The ball is rolling, and PHANTOM WING is picking up momentum. Slowly, the space is beginning to reveal itself. What happens next?



Over the past week, interested artists were invited to King Edward School for a brief tour of the available spaces. This was an idea suggested to us by the cSPACE staff, and it was a good one – because the turn-around on this project is so quick, whatever elements can be stream-lined for participants will save valuable time in the imminent future. Viewing the space is a huge hurdle, and hopefully the tours will help with that first leap.

Watching artists explore the nooks and crannies brought about three epiphanies:

1) Artists have a mind-boggling ability to see the potential in anything. Even complete “garbage.”

2) Working on PHANTOM WING is going to feel like a super cool 1980’s high school movie where the students snub authority, trump their superiors, and overtake their school. Let the spit-balls fly!

3) Finally: for the Curators, this is going to be hard. How the hell are we going to choose from all the amazing submissions we’re bound to get? But I guess that’s life – sometimes you’ve got to bite the bullet. We’re just excited that people are pumped!

But getting back to the King Edward School tours, the ability to preview the wing was a necessary luxury for many of our prospective artists. Installation artworks by their very nature seem to require a keen awareness of space. King Edward School offers both gaping spaces, and an assortment of limitations (the biggest being the presence of asbestos in the drywall mud). But the school is mysterious and presents various surprises – especially in its current abandoned state. Experiencing the spaces flushes out its many hidden potentials.


Mysterious splooge, likely a remnant of one of King Edward’s floods


A book, abandoned in one of the class rooms


Hockey gear, available as materials for artists to use

On a separate note, the cSPACE technicians have been kind enough to begin collecting materials for us to work with onsite. These collections come from all over the school and include everything from ersatz gym equipment to forgotten theatre props. Scrap metal is available, along with piping, plexiglas, and tons of ceiling panels, bulletin boards, and chalk boards. Desks and chairs, unfortunately for us, are mostly being re-appropriated as part of cSPACE’s future designs. But one can only imagine that there will be much poking around for other materials onsite once the artists are selected.

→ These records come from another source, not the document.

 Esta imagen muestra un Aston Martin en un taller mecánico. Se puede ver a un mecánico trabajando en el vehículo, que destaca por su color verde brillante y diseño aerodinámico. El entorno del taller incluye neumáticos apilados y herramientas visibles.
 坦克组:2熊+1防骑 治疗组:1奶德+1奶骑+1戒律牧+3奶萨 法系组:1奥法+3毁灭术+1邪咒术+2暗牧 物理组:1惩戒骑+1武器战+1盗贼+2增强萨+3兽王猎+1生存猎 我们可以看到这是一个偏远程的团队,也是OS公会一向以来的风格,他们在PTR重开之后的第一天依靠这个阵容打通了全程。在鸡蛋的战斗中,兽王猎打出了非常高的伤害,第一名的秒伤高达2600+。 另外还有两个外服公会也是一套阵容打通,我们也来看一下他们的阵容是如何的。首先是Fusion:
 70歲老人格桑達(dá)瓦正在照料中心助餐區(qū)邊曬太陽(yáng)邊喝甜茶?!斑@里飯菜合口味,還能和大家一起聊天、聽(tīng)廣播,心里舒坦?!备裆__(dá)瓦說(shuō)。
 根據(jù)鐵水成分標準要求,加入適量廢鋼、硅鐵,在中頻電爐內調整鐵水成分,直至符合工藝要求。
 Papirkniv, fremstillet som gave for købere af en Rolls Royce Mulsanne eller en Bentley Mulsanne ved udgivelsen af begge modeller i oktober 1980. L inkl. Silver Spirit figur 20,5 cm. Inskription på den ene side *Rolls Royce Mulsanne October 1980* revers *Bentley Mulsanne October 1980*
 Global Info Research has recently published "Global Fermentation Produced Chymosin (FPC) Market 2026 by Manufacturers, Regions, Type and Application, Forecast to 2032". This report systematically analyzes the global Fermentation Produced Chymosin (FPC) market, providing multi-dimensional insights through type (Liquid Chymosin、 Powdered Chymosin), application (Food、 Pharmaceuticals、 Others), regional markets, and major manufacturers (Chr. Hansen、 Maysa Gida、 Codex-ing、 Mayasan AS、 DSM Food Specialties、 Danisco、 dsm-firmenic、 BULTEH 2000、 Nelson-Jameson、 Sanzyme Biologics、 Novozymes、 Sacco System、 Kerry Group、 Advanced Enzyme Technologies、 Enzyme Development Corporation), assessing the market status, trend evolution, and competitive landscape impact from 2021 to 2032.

Artists scoping the materials set aside for them at King Edward School


Suzen Green exploring one of the classrooms on the second floor of the school

A reminder: our Call for Submissions deadline in on Monday, August 26th 2013. Interested in acting out your art-based fantasies on a abandoned school wing scheduled for imminent demolition? Then this might be the project for you.


On the roof of the school – how many students wished they could do this?